Quando o sonho se torna sofrimento
Dias atrás, a comunidade brasileira no exterior foi profundamente abalada pela notícia da morte de Lucinete Freitas, brasileira que estava desaparecida desde 5 de dezembro. Segundo informações divulgadas pela Polícia Judiciária de Portugal, o corpo de Lucinete foi encontrado em uma zona de mata próxima a Lisboa.
A investigação levou à prisão de uma mulher de 43 anos, também brasileira, detida “por fortes indícios da prática de um crime de homicídio qualificado”, conforme noticiado pela imprensa portuguesa.
A tragédia, além de chocar pela brutalidade e pela suspeita de que a vítima teria sido morta por alguém que considerava amiga, expôs outra dor devastadora: o desespero da família no Brasil ao receber a notícia.
Sem poder estar perto, sem respostas imediatas e sem imaginar que um dia viveriam algo assim, os familiares se viram diante de uma realidade ainda mais cruel — como repatriar o corpo da filha para que pudesse ser velada e sepultada em sua terra natal?
Sem recursos, sem orientação e sem qualquer preparo para lidar com uma situação tão extrema, a família de Lucinete precisou recorrer ao que tantas outras famílias já enfrentaram: vaquinhas, rifas, campanhas solidárias e pedidos de ajuda pública.
Uma dor que já é imensa se torna ainda mais pesada quando se soma à impossibilidade financeira de trazer um ente querido de volta para casa.
A história de Lucinete não é um caso isolado — mas é um lembrete doloroso de uma realidade que muitos imigrantes e suas famílias desconhecem até que o pior acontece.
Quando uma família decide imigrar, tudo é calculado com cuidado: arrendamentos, escolas para as crianças, trabalho, adaptação cultural, documentos, transporte, saúde. Cada passo é planejado na ponta da caneta.
Mas existe um fator que ninguém coloca no papel — e que, infelizmente, pode mudar tudo de um dia para o outro: a morte.
Ninguém espera por ela. Ninguém se prepara emocionalmente para ela. Mas ela faz parte do percurso da vida.
E quando acontece longe da terra natal, longe da família, longe das raízes, surge uma dor ainda maior: a luta para repatriar o corpo.
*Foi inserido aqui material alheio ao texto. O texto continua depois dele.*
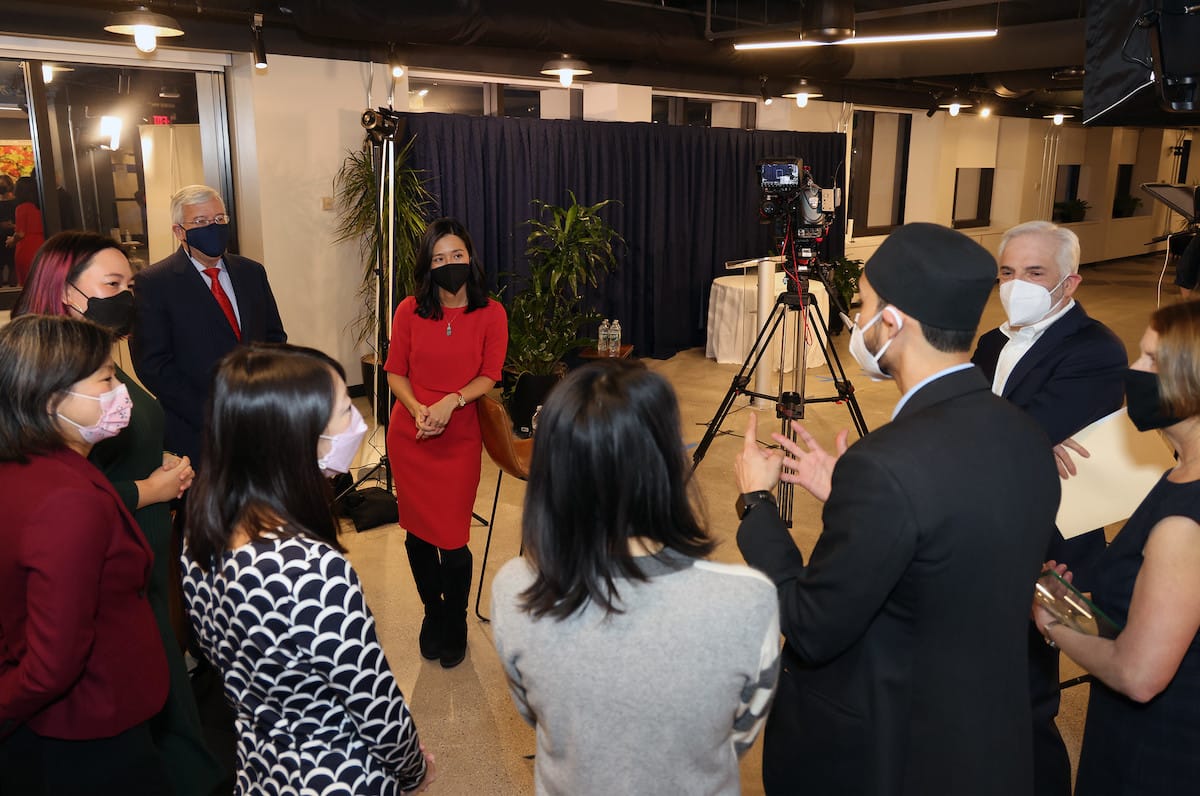 Durante la recepción, la alcaldesa Wu abordó sus objetivos para la próxima temporada y nombró a los homenajeados de este año. Otorgó el premio «We Are Boston Community Champion Award» de 2022 al Asian Community Emergency Relief Fund, compuesto por seis grupos locales. El fondo distribuyó más de medio millón de dólares a familias afectadas por la pandemia que no pudieron acceder a los beneficios públicos, todo mientras enfrentaban el racismo antiasiático.

O choque da realidade: valores que ninguém imagina
A maioria das pessoas não sabe, mas repatriar um corpo é um processo caro, burocrático e desgastante.
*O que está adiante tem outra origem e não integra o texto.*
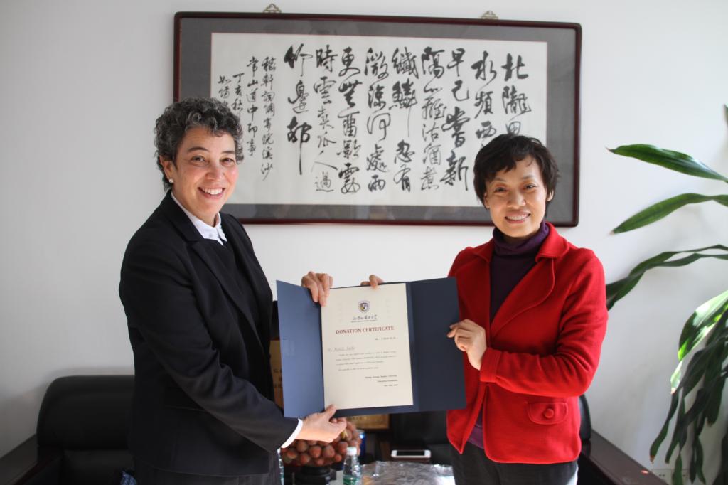 Keating女士向胡书记介绍了自己曾经贷款求学的经历,希望通过捐赠的形式,帮助高翻的寒门学子顺利完成学业。胡书记代表高翻学院向Keating女士颁发捐赠证书,感谢她对高翻贫寒学子的关心和支持。

Os valores variam conforme o país, a distância e os procedimentos legais, mas, em média:
Funerária local: entre 1.500€ e 3.000€
Documentação obrigatória: 300€ a 800€
Caixão apropriado para transporte internacional: 800€ a 2.000€
Transporte aéreo do corpo: pode variar de 3.000€ a 10.000€
Custos adicionais (embaixada, taxas, preparação): 500€ a 2.000€
No total, muitas famílias se deparam com valores entre 6.000€ e 15.000€ — algo completamente fora da realidade da maioria dos imigrantes, que já vivem apertados com renda, aluguel e adaptação.
Casos que se repetem — e que ninguém gostaria de viver
Infelizmente, não são casos isolados.
Em vários países, especialmente na Europa, América do Norte e Reino Unido, famílias brasileiras já passaram por isso:
Trabalhadores que faleceram repentinamente e deixaram esposa e filhos sem condições de pagar o traslado.
Jovens que sofreram acidentes e cujas famílias, no Brasil, não tinham como arcar com os custos.
Pessoas que viviam legalmente, trabalhavam honestamente, mas não tinham seguro de repatriação — porque quase ninguém pensa nisso ao imigrar.
E então começa a corrida contra o tempo: rifas, vaquinhas, angariações entre amigos, colegas de trabalho, vizinhos e até desconhecidos.
É uma solidariedade bonita, mas nasce de uma dor profunda — e de uma falta de informação que poderia ter sido evitada.
Não deveria ser assim — mas é a realidade
Quando alguém decide imigrar, pensa em tudo:
em dar uma vida melhor aos filhos, em construir um futuro, em trabalhar com dignidade.
Mas quase ninguém pensa no que fazer se o pior acontecer.
E talvez devesse.
Não porque seja uma escolha fácil, mas porque é uma escolha responsável.
Ter um seguro de repatriação, conhecer os custos, entender o processo — tudo isso evita que, em um momento de dor, a família ainda precise enfrentar uma batalha financeira.